ZAGREB, April 11, 2020 – Finance Minister Zdravko Marić said on Friday budget revenues in the first ten days of April were one-third of those at the same time last year and reiterated that at first Croatia would tap the domestic market to finance aid and deal with the fallout of the COVID-19 crisis.
Speaking on the public broadcaster HTV, he said the general assessment was that the measures the government had taken so far to help the economy were satisfactory and that Croatia was near the top in the EU in terms of their GDP share.
He said the implementation of the measures was good and that 95,000 employers had applied for aid for over 550,000 workers.
He also mentioned moratoriums on loans, programmes for exporters and new credit lines totalling €1.8 billion.
Speaking on RTL television, Marić said bilateral arrangements worth HRK 6 billion had been signed with six domestic banks with an average interest of a little over 1%. He told HTV that pension funds and other instruments would also be utilised.
Asked how much the crisis would cost, Marić reiterated that according to projections, the next three months would cost the state budget about HRK 45 billion only to ensure the functioning of the state and the economic measures.

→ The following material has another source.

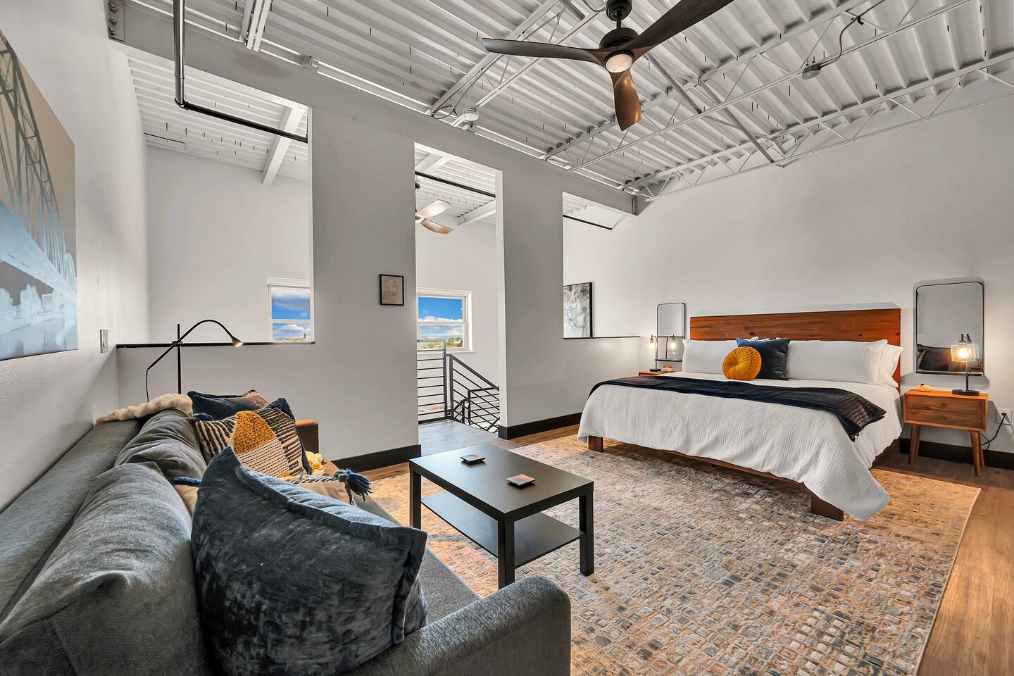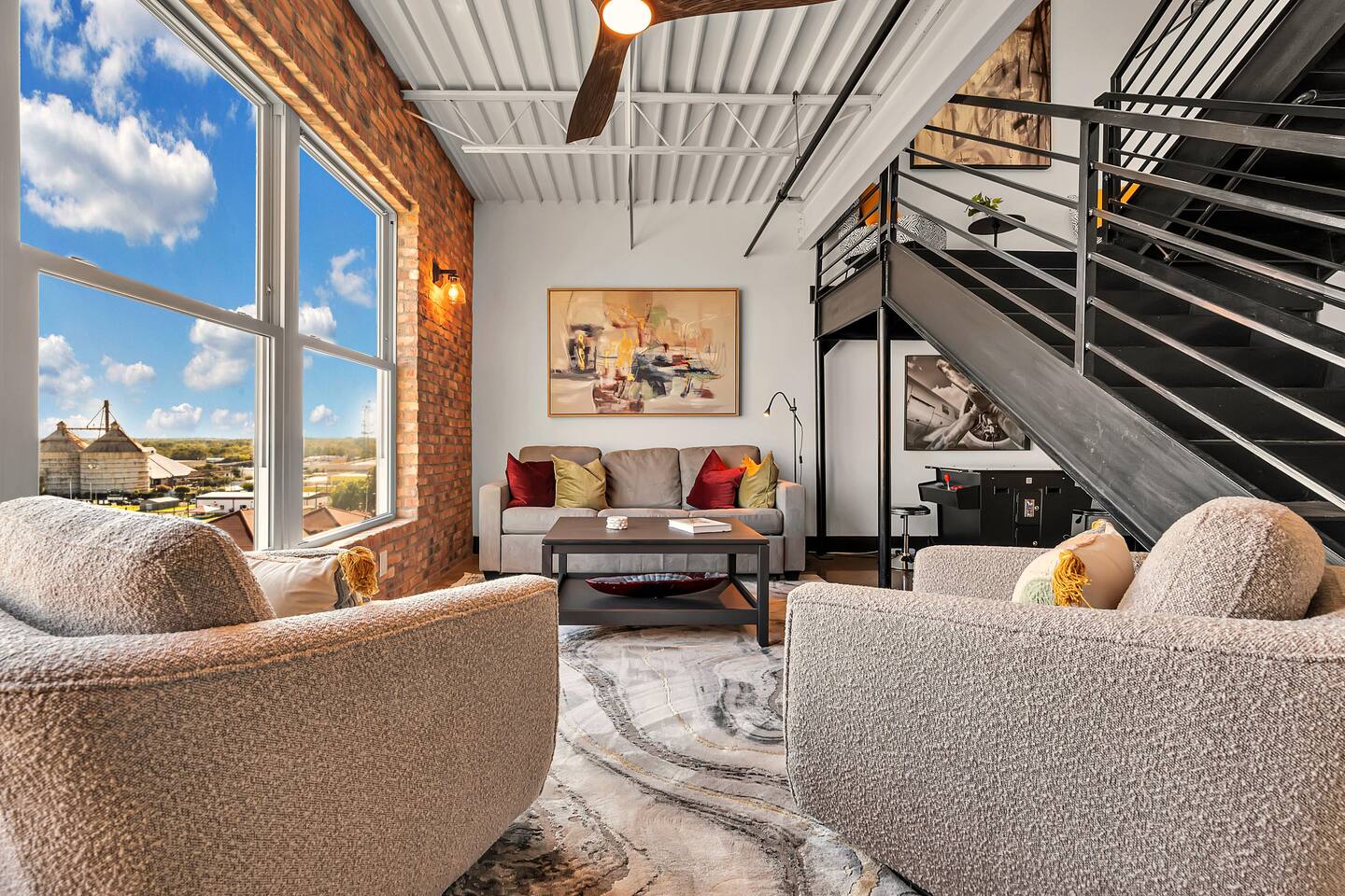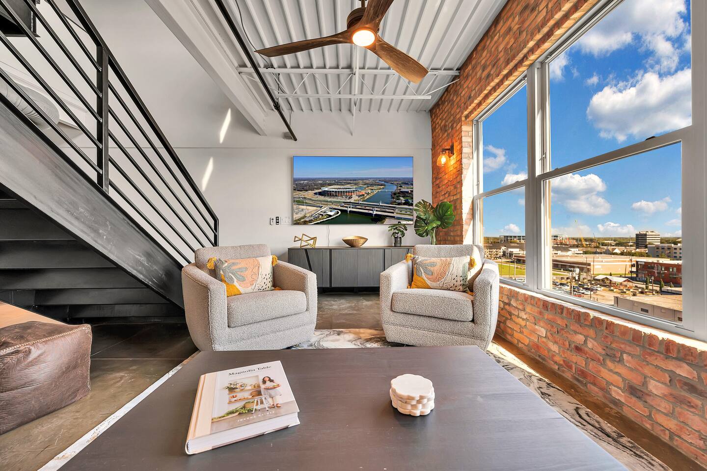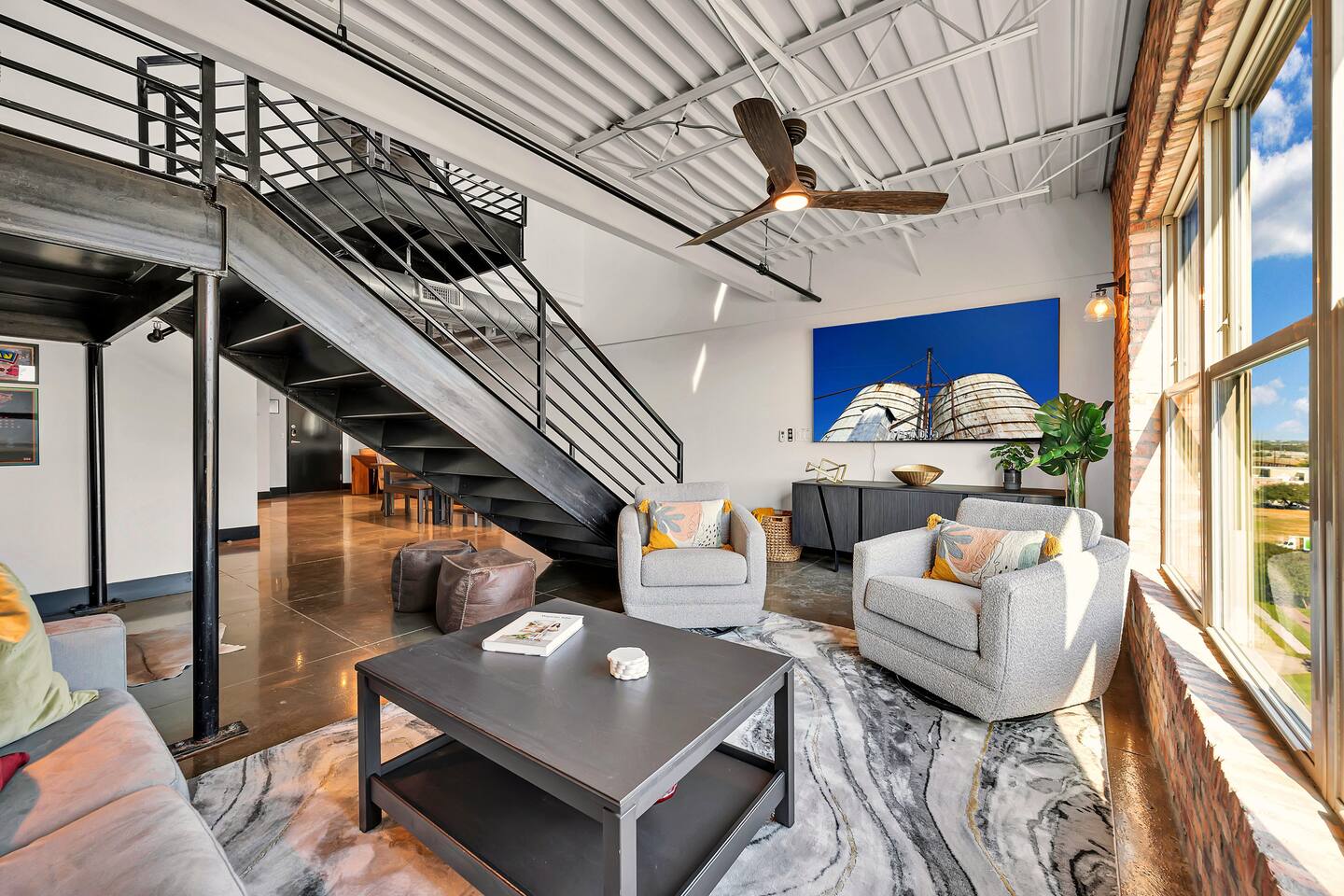 Stay in the heart of Waco at this two-story urban-industrial loft in the historic Behrens Building. Featuring a spacious living area, fully equipped kitchen, automated blinds, and luxurious sleeping options—including a king-size bed and premium sleeper sofas—this suite offers modern comfort with industrial charm. Enjoy stunning views of The Silos and Baylor University, all just steps from Magnolia Silos, the Dr Pepper Museum, and other top Waco attractions.

He could not say what the budget revenues would be. He said that aside from the budget reallocations the government made yesterday, Croatia would have to borrow and that this would increase the public debt.
“If we stay the course we have taken, then the jump won’t be high,” he said, adding that the period after the crisis would be even more challenging.
Marić said a budget deficit could be expected this year as well as a GDP decrease, announcing that the government would present its projections soon. He added, however, that no projections, including those from world financial institutions, contained data on how long and how deep the crisis caused by the COVID-19 pandemic would be.
On Thursday, the World Bank estimated that Croatia’s GDP will contract 6.2% this year, that the budget deficit will reach 8% of GDP and that the public debt-to-GDP ratio will be nearly 84%.
Marić welcomed Thursday’s agreement by EU finance ministers on an economic response to the pandemic crisis.
All member states agree on short-term measures: a credit line of the European Stabilisation Mechanism (ESM), a European Investment Bank (EIB) guarantee fund, and a programme for pan-European support for short-time work arrangements (SURE), all totalling €540 billion – €240 billion from the ESM, €200 billion from the EIB and €100 billion for SURE.
Marić said Croatia could not count on ESM funds as it was not a member of the euro area. “Croatia can count on SURE, an instrument to help measures that we too are implementing to preserve jobs,” he said, adding that those were no longer grant schemes but loans.
He said the finance ministers also reached a political agreement which, to come into effect, must pass certain legislative procedures. He announced that Croatia, as the country chairing the Council of the EU, would do its best to expedite the legislative part.